### Activity
Go to the line holding "A copy of the" in the entries below and write out exactly every line down to and including the line holding "<p>Game of Fifteen.".

[Source material Boundary: Start]

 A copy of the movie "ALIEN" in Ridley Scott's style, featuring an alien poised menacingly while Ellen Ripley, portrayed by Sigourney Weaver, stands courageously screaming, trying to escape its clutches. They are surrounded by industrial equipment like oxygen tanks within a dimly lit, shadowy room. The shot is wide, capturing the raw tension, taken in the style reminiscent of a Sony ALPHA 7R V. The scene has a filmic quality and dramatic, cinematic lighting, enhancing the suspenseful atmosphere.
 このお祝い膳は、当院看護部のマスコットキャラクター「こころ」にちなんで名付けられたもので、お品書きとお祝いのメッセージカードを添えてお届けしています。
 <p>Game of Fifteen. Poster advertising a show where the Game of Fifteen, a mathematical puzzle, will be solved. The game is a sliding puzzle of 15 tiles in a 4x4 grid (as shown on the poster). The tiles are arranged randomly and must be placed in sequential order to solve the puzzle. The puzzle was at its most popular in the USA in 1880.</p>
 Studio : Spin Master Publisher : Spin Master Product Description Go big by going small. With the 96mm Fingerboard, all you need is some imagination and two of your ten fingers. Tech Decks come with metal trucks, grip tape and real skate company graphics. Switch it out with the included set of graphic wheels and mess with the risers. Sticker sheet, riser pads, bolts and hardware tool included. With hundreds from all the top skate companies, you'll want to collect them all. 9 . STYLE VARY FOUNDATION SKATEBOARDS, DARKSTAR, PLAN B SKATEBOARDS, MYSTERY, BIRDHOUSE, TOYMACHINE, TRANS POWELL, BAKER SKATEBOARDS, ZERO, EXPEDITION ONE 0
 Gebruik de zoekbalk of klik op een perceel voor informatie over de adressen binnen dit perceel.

[Source material Boundary: End]
[Source material Boundary: Start]

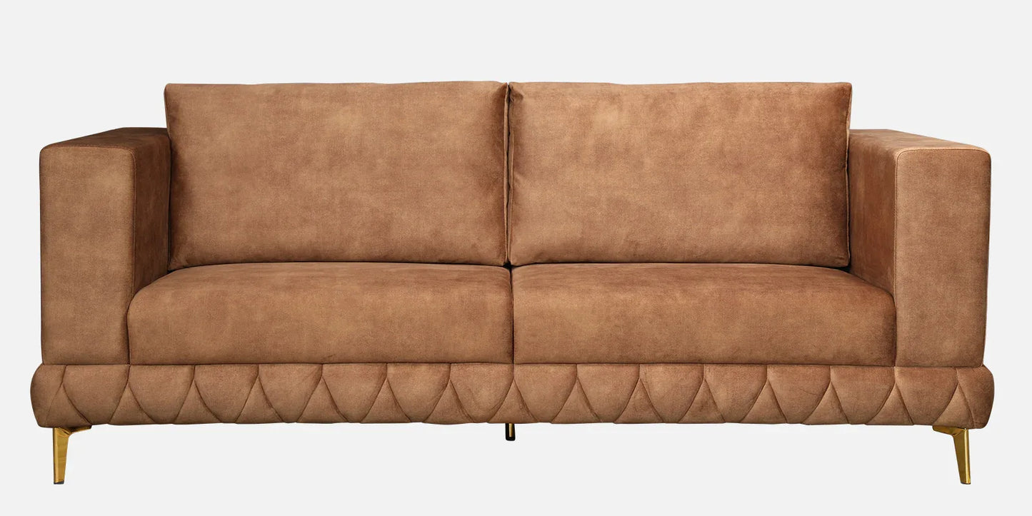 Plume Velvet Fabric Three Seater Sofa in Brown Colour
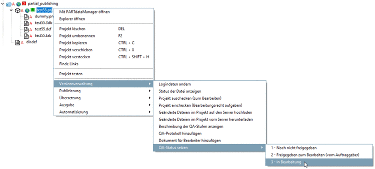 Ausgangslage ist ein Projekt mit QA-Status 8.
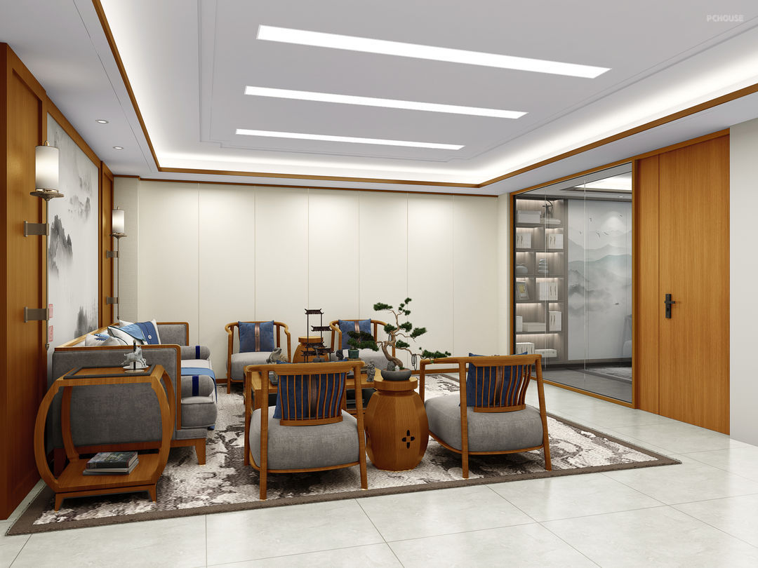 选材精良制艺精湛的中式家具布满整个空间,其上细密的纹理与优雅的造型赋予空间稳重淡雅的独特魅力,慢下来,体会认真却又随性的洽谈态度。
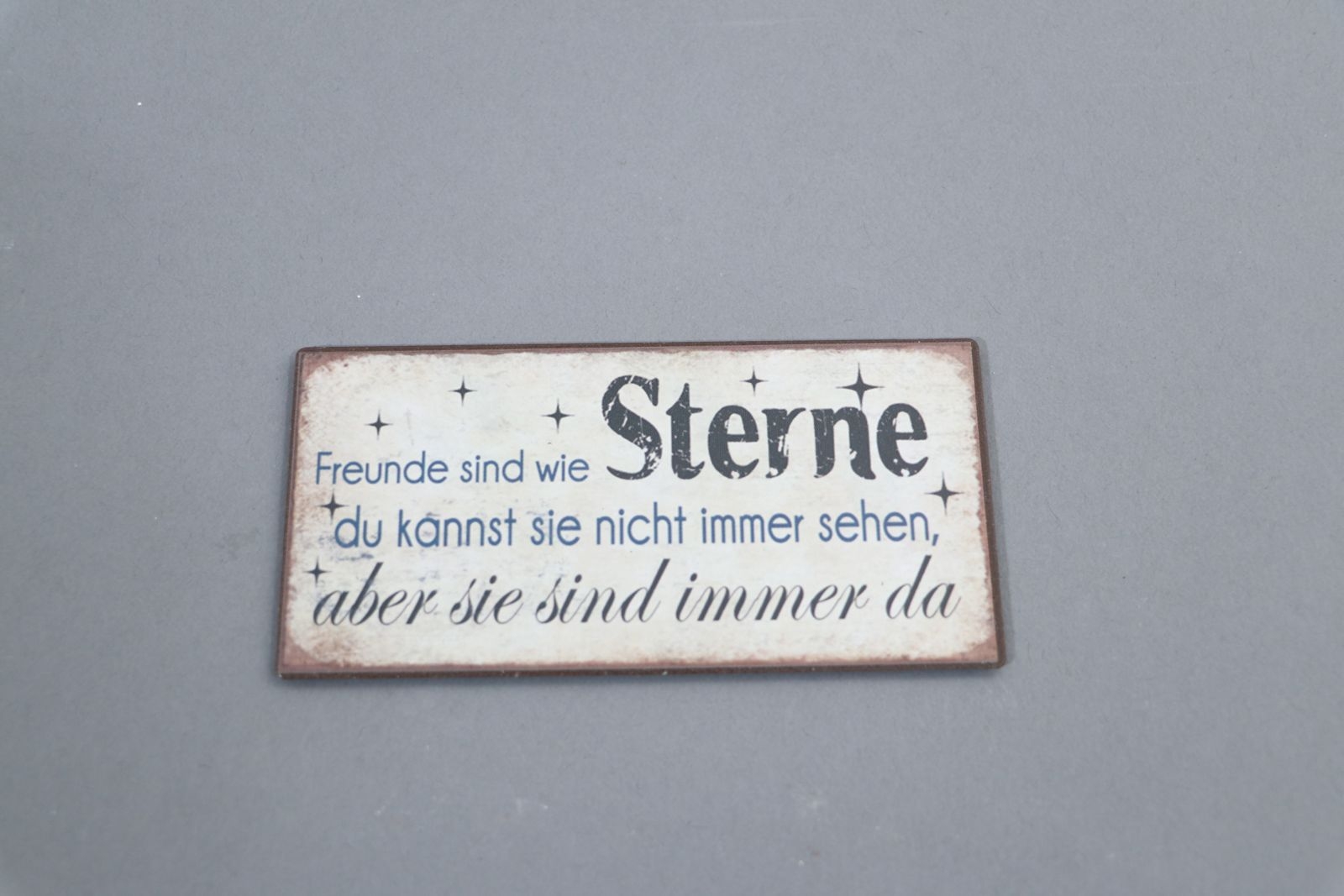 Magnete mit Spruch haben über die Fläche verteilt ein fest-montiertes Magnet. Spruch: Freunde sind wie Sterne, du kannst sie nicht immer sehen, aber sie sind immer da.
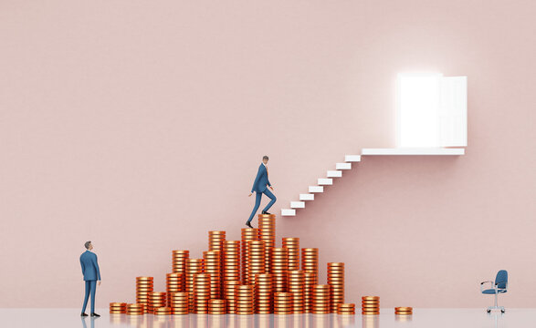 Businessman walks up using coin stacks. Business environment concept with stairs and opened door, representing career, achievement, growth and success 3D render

[Source material Boundary: End]

### Response below
 A copy of the movie "ALIEN" in Ridley Scott's style, featuring an alien poised menacingly while Ellen Ripley, portrayed by Sigourney Weaver, stands courageously screaming, trying to escape its clutches. They are surrounded by industrial equipment like oxygen tanks within a dimly lit, shadowy room. The shot is wide, capturing the raw tension, taken in the style reminiscent of a Sony ALPHA 7R V. The scene has a filmic quality and dramatic, cinematic lighting, enhancing the suspenseful atmosphere.
 このお祝い膳は、当院看護部のマスコットキャラクター「こころ」にちなんで名付けられたもので、お品書きとお祝いのメッセージカードを添えてお届けしています。
 <p>Game of Fifteen. Poster advertising a show where the Game of Fifteen, a mathematical puzzle, will be solved. The game is a sliding puzzle of 15 tiles in a 4x4 grid (as shown on the poster). The tiles are arranged randomly and must be placed in sequential order to solve the puzzle. The puzzle was at its most popular in the USA in 1880.</p>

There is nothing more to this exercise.